When informed of the Probert finding, Bill Daly, deputy commissioner of N.H.L., said he could not comment beyond his immediate reaction:
“We’re aware of what B.U. is doing, and we’ve met with them before,” Daly said. “It’s interesting science. We have interest in it. To the extent that the science itself starts to suggest certain conclusions, obviously we’re open to accepting that and addressing that moving forward. But we can’t take steps tomorrow based on what we’re finding out today.”
Continued—it’s a two-pager—with Dani Probert saying this…
“In my heart of hearts, I don’t believe fighting is what did this to Bob,” she said. “It was hockey — all the checking and hits, things like that.”
And any Probert article would be remiss without posting some of his greatest bouts, so the Times posted six of Probert’s most notorious fights.

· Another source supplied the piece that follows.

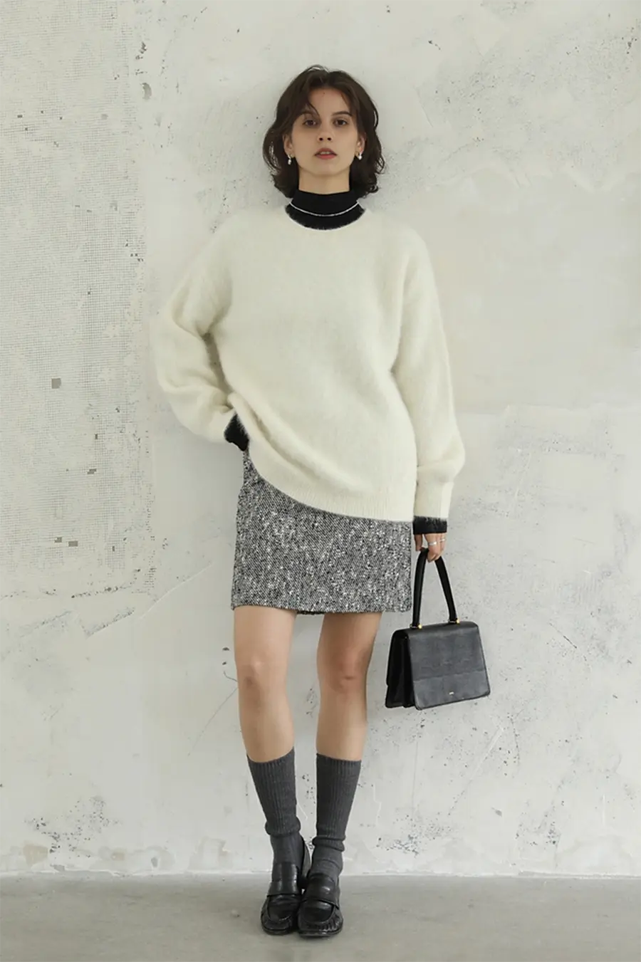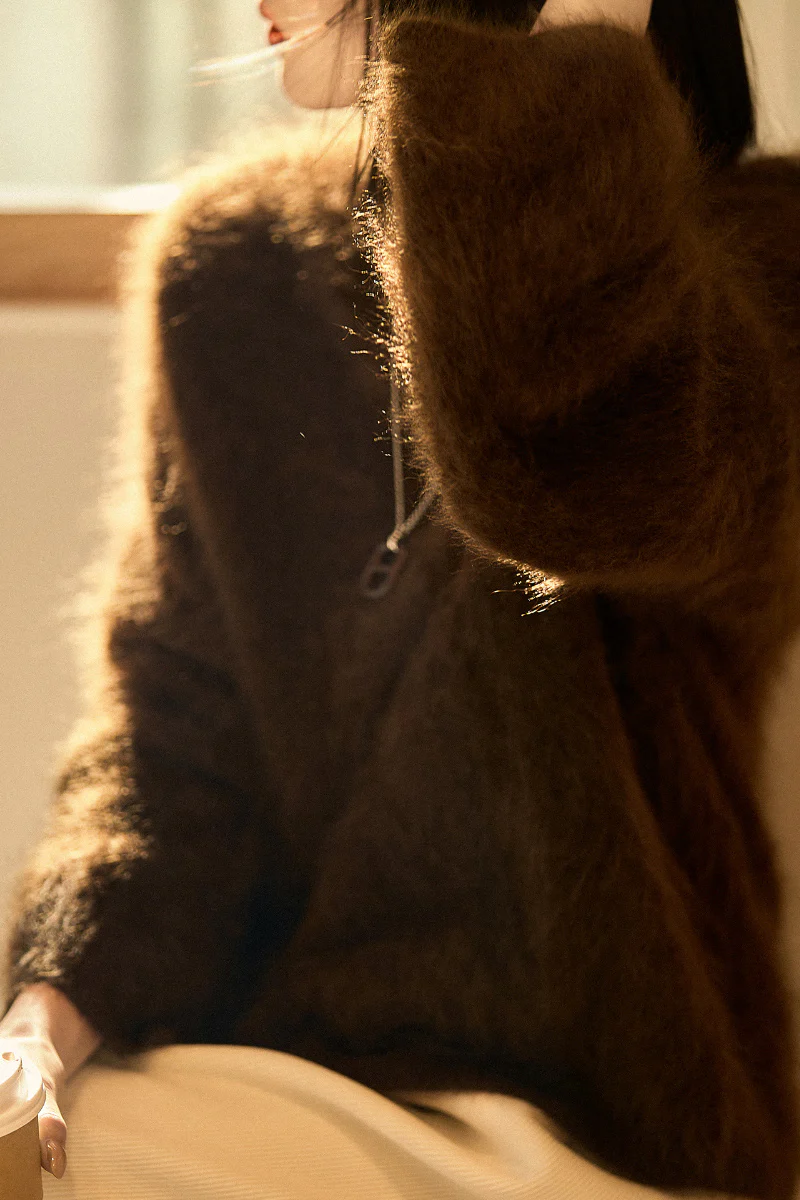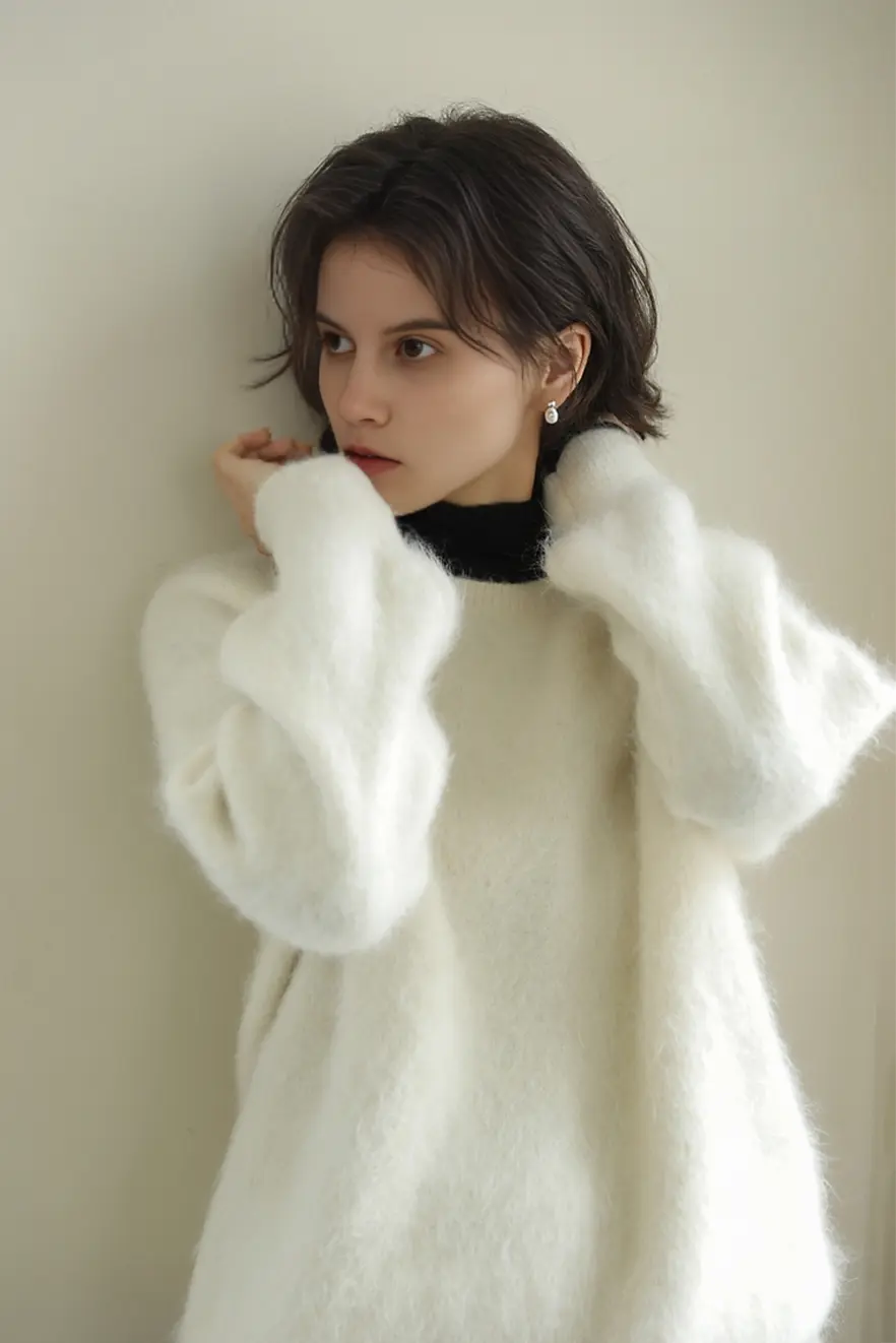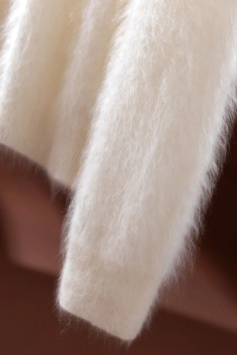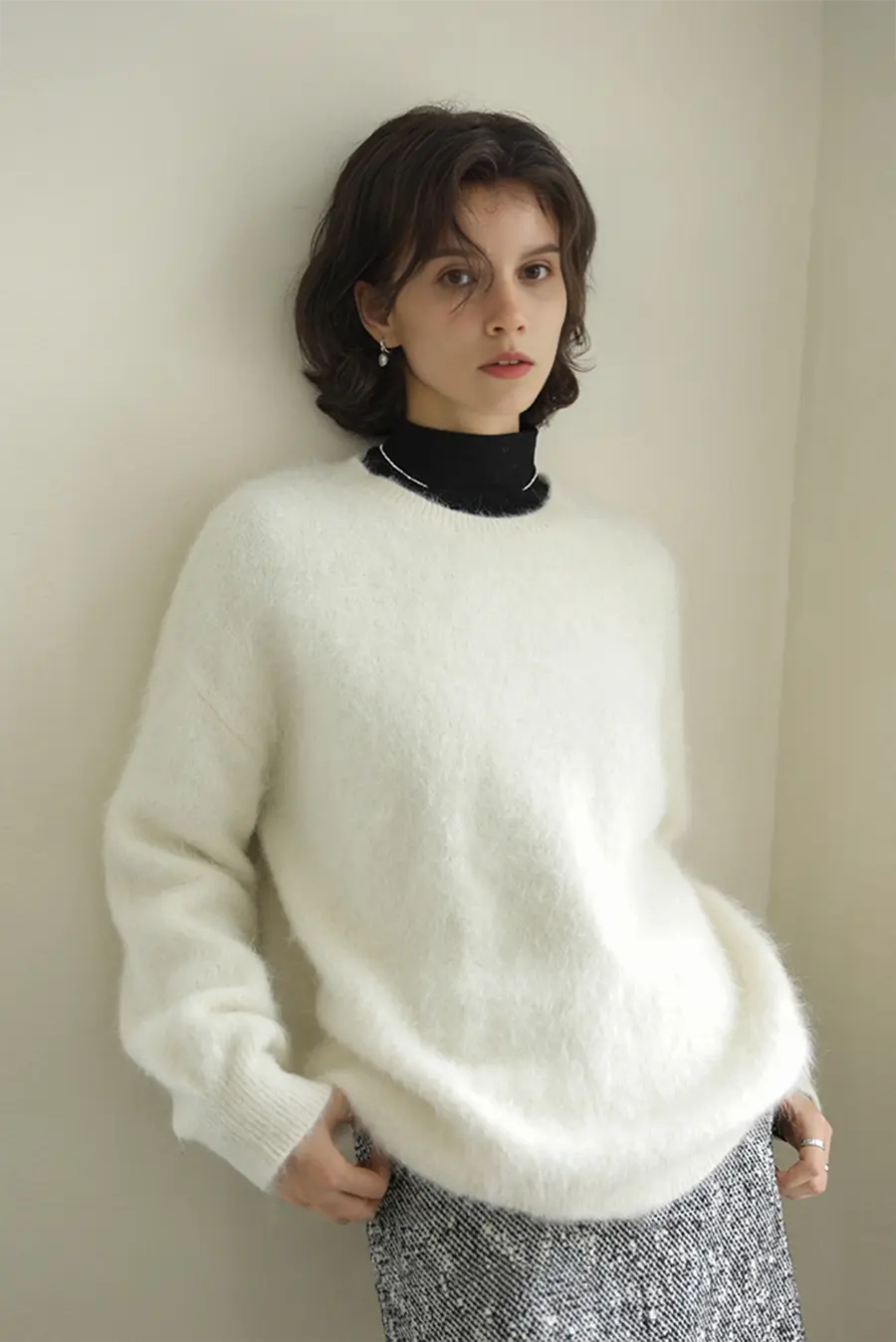 Cable Knit Brushed Alpaca Crewneck Sweater
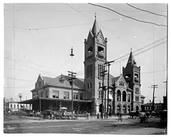In November 1902 Dickey was awarded a contract to design Houston's fourth City Hall, the previous three all having been destroyed by fire.[3] Dickey based his design, featuring two towers for a clock and bell, on the previous city halls, but Dickey designed the stone and brick building in a Victorian Romanesque style which was outdated.[3] The building was completed in 1904.[3] In 1939, the city government moved to a new building on Bagby Street, and the building was destroyed by fire in 1960.[4]

Update 10:10 PM: The Globe and Mail posted a parallel article:
On Thursday, Boston University researchers will release findings that show Mr. Probert had chronic traumatic encephalopathy (CTE) when his heart gave out during a fishing trip last summer. The diagnosis makes him the second former professional hockey player to be found with the degenerative disease after Reggie Fleming, who died in 2009 at the age of 73 with dementia after three decades of worsening behavioural and cognitive problems. Like Mr. Fleming, Mr. Probert was a fighter who banged his way through more than 200 fights during 16 seasons with the Detroit Red Wings and Chicago Blackhawks. He had suffered at least three concussions and struggled with substance abuse. And in his 40s, Ms. Probert said, her normally laid-back husband may have begun to show some of the telltale signs of CTE, such as odd bouts of road rage and memory gaps.
“If he was playing blackjack, he could remember plays from years ago, and every player’s hand and what the dealer had. But boy, if you asked him what he had for breakfast that morning … It definitely makes you think.”
Dr. Cantu said of Mr. Probert’s results: “They’re not nearly as severe as we’ve seen in a number of other athletes in other sports like boxing or football, but nonetheless it’s unequivocally there.”
[Keith] Primeau said hockey players are hesitant to discuss brain donation. “It’s still a tough topic of conversation.”
Which is why Ms. Probert has decided to reach out to the Boston researchers and make her husband’s results public, she said. “Having Bob’s name attached to that can show other athletes, and especially the hockey players, that they need to get involved.” Ms. Probert had other reasons, too, she said. They included the couple’s four children: three daughters and a son, now ages 10 to 16. They are all athletes and avid hockey, lacrosse and volleyball players.
“I remember leaving the hospital and coming home [after Bob died],” Ms. Probert said. “It was the following morning that I looked at my aunt and asked her to take care of getting the numbers for me. I didn’t know who to contact, I just knew that it was in Boston. It’s so surreal, even looking back now. I just knew with such certainty when I was doing the [funeral] planning that that was the only thing I knew that he wanted, because he was so young.” She paused to collect herself. “That was the one thing I knew that had to be done for him.”